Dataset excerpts
──────────────────────────────
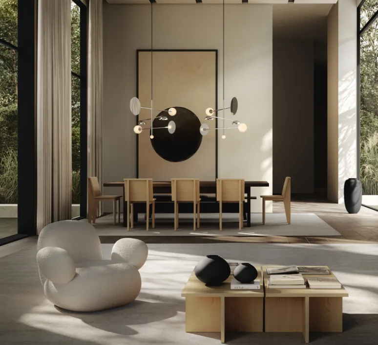 Conçu par Kristian Sofus Hansen & Tommy Hyldahl en 2021, le lustre Sahn illustre le design innovant de la marque 101 Copenhagen.
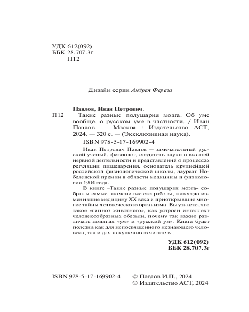 💳 Оплатить за товар можно при получении 🇰🇿 Есть бесплатная доставка по Казахстану от 1 дня 🎁 Копите бонусы с каждой покупки Серия: Эксклюзивная наука Иван Петрович Павлов — замечательный русский ученый, физиолог, создатель науки о высшей нервной деятельности и представлений о процессах регуляции пищеварения, основатель крупнейшей российской физиологической школы, лауреат Нобелевской премии в области медицины и физиологии 1904 года. |
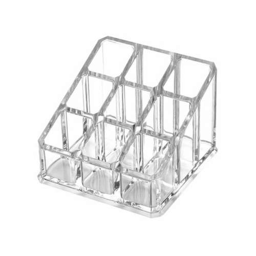 • Organizador de maquilhagem transparente em acrílico com nove compartimentos.
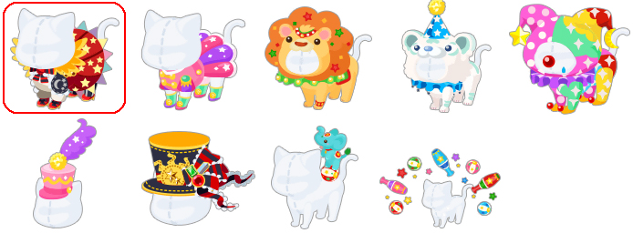★にゃんだふる団長 魅惑のショーガール まるかじりサーカスライオン まるかじりサーカスタイガー 陽気なクラウン ショーガール帽子 にゃんだふる帽子 サーカス子ゾウ ジャグリングの名人
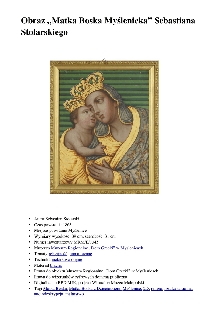 Matka Boska Myślenicka - Wirtualne Muzea Małopolski
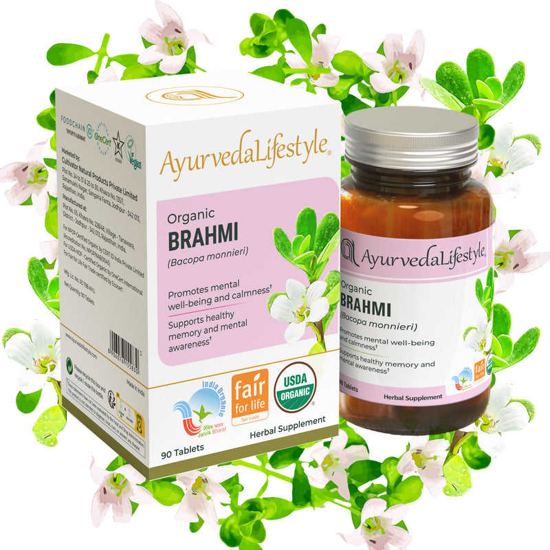 Organic Brahmi Tablet supports brain health, helps promote memory and focus, and manage stress and anxiety.
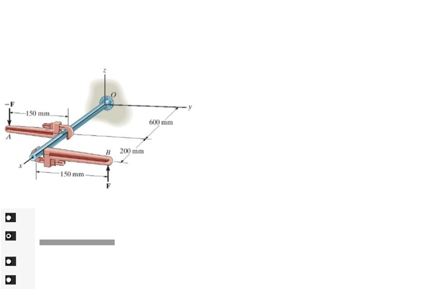 Se o momento de binário atuando nos tubos tem intensidade de 400Nm, determine a intensidade da força F vertical aplicada em cada
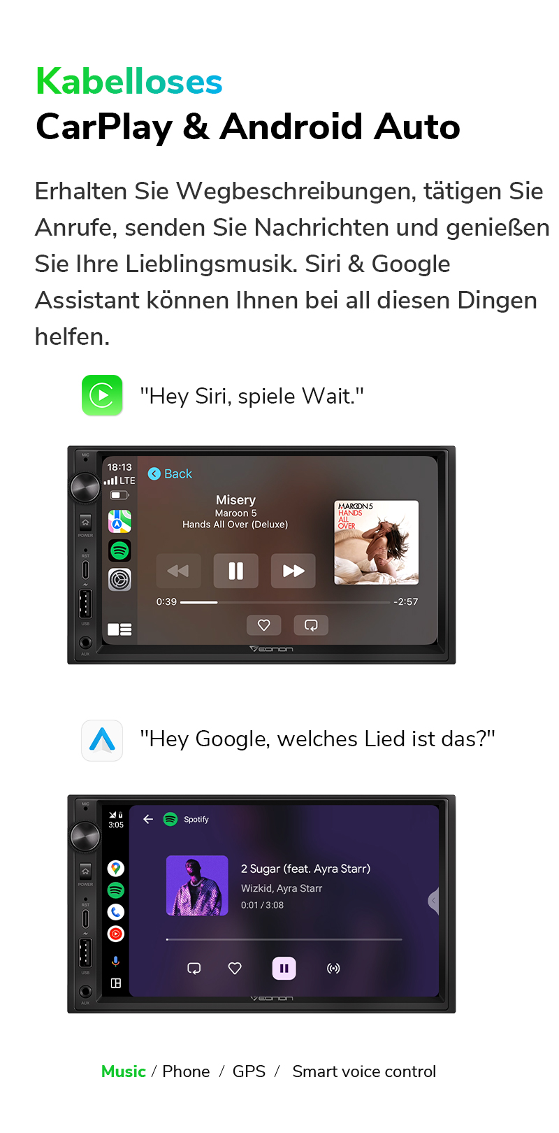 Unterstützt u. a. Google Maps, Apple Maps, Waze, Spotify, YouTube Music
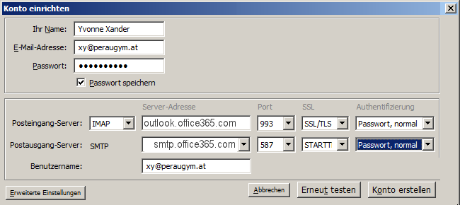 | Thunderbird aufrufen; im Fenster "Konto einrichten" die Zeilen für Name, E-Mail-Adresse und Kennwort ausfüllen, Klick auf "Weiter" und "Manuell bearbeiten". Posteingang-Server: IMAP, outlook.office365.com, 993, SSL/TLS, Passwort normal. Postausgang-Server: smtp.office365.com, 587, STARTTLS, Passwort normal. Benutzername: xy@peraugym.at ( xy = eigenes Kurzzeichen). Konto erstellen. |
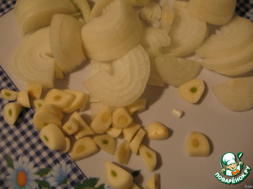 Приготовим все нужные овощи и начинаем. Каждый овощ будем тушить по-отдельности. Режем лук порей, зеленая часть нам здесь не пригодиться, но из нее можно потом сварить вкусный суп (рекламирую сама себя http://www.povarenok.ru/recipes/show/42762/:-D)
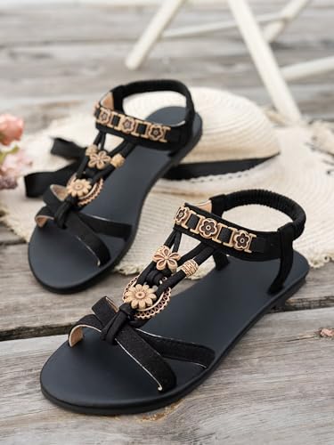 Boho Women's Flat Sandals - Comfortable Beach Flip Flops with Ethnic Embroidery, Non-Slip Sole Casual Summer Sandals for Seaside & Vacation
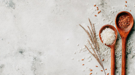 Rustic wooden spoons filled with rice and seeds, set on a textured gray surface. Perfect for culinary inspiration and healthy cooking concepts.
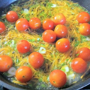 Добавляем помидоры черри и вино. Доводим до кипения и тушим на тихом огне примерно 15 минут.
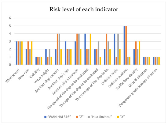 The risk level of each indicator of “WAN HAI 316”, “Z”, “Hua Jinzhou”, and “X”.
──────────────────────────────
# Exercise aim:
Leaving pictures aside, write out each record above exactly as given.

# Solution to this task:
 Conçu par Kristian Sofus Hansen & Tommy Hyldahl en 2021, le lustre Sahn illustre le design innovant de la marque 101 Copenhagen.
 💳 Оплатить за товар можно при получении 🇰🇿 Есть бесплатная доставка по Казахстану от 1 дня 🎁 Копите бонусы с каждой покупки Серия: Эксклюзивная наука Иван Петрович Павлов — замечательный русский ученый, физиолог, создатель науки о высшей нервной деятельности и представлений о процессах регуляции пищеварения, основатель крупнейшей российской физиологической школы, лауреат Нобелевской премии в области медицины и физиологии 1904 года. |
 • Organizador de maquilhagem transparente em acrílico com nove compartimentos.
★にゃんだふる団長 魅惑のショーガール まるかじりサーカスライオン まるかじりサーカスタイガー 陽気なクラウン ショーガール帽子 にゃんだふる帽子 サーカス子ゾウ ジャグリングの名人
 Matka Boska Myślenicka - Wirtualne Muzea Małopolski
 Organic Brahmi Tablet supports brain health, helps promote memory and focus, and manage stress and anxiety.
 Se o momento de binário atuando nos tubos tem intensidade de 400Nm, determine a intensidade da força F vertical aplicada em cada
 Unterstützt u. a. Google Maps, Apple Maps, Waze, Spotify, YouTube Music
 | Thunderbird aufrufen; im Fenster "Konto einrichten" die Zeilen für Name, E-Mail-Adresse und Kennwort ausfüllen, Klick auf "Weiter" und "Manuell bearbeiten". Posteingang-Server: IMAP, outlook.office365.com, 993, SSL/TLS, Passwort normal. Postausgang-Server: smtp.office365.com, 587, STARTTLS, Passwort normal. Benutzername: xy@peraugym.at ( xy = eigenes Kurzzeichen). Konto erstellen. |
 Приготовим все нужные овощи и начинаем. Каждый овощ будем тушить по-отдельности. Режем лук порей, зеленая часть нам здесь не пригодиться, но из нее можно потом сварить вкусный суп (рекламирую сама себя http://www.povarenok.ru/recipes/show/42762/:-D)
 Boho Women's Flat Sandals - Comfortable Beach Flip Flops with Ethnic Embroidery, Non-Slip Sole Casual Summer Sandals for Seaside & Vacation
 Rustic wooden spoons filled with rice and seeds, set on a textured gray surface. Perfect for culinary inspiration and healthy cooking concepts.
 Добавляем помидоры черри и вино. Доводим до кипения и тушим на тихом огне примерно 15 минут.
 The risk level of each indicator of “WAN HAI 316”, “Z”, “Hua Jinzhou”, and “X”.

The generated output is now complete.